Zora spinimana is a prowling spider of the family Miturgidae with a Palearctic distribution. It is the type species of the genus Zora.

==Description==
The females are 5-7.7 mm in length, the males 4.5–5 mm. The epigyne has a small groove and a larger spermatheca. The species is very similar to Zora silvestris but the brown lateral bands on the carapace are narrower than the yellow bands, whereas in Z. silvestris the brown lateral bands are wider than the yellowish bands. Z. spinimana is slightly larger than Z. silvestris and the overall yellow colour of Z. spinimana has a warmer hue. Z. spinimana has three pairs of ventral spines on metatarsus I and II, but Z. silvestris has only two.

==Biology==
The female is often found sitting on a white sheet of silk which she spins to protect her egg sac.
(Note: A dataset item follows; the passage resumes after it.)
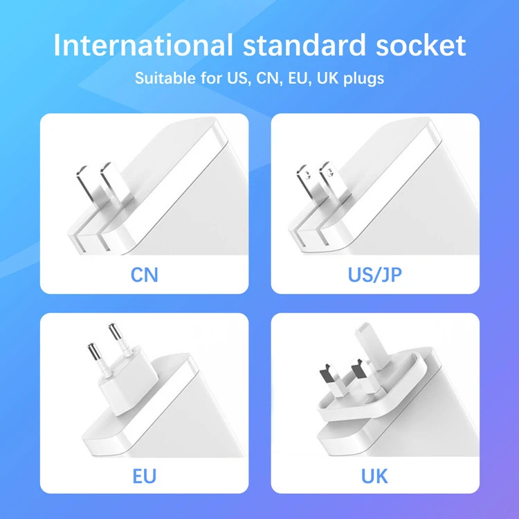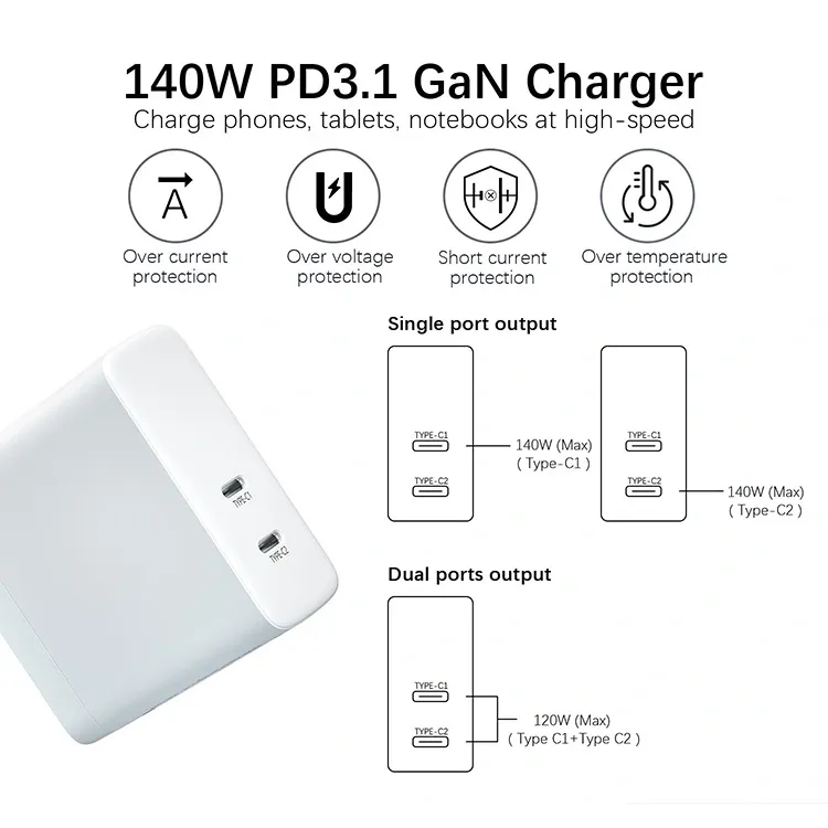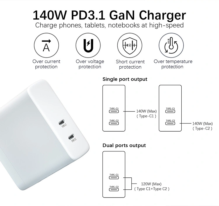 140W двојна USB c порта PD полнач САД приклучок што се преклопува: Единечната порта може да обезбеди моќност до 140 W. Излезната моќност на двојните порти е интелигентно распределена истовремено. При полнење на лаптоп и мобилен телефон истовремено, ефикасноста останува непроменета.

Adults, of both sexes, may be recorded throughout the year, but mostly from late spring into the autumn, with two apparent peaks in early to mid-summer and the autumn.

==Habitat==
The species is often found in grassland, normally near the ground in grass roots and leaf litter but also under stones or other objects. It can also be found in other habitats such as heathland, open woodland and raised bogs.

==Distribution==
Zora spinimana has a Palearctic distribution. In Europe this is a common species in western and central Europe but in Great Britain it is commoner in the south and in eastern Scotland but it becomes more localised in northern England and western Scotland.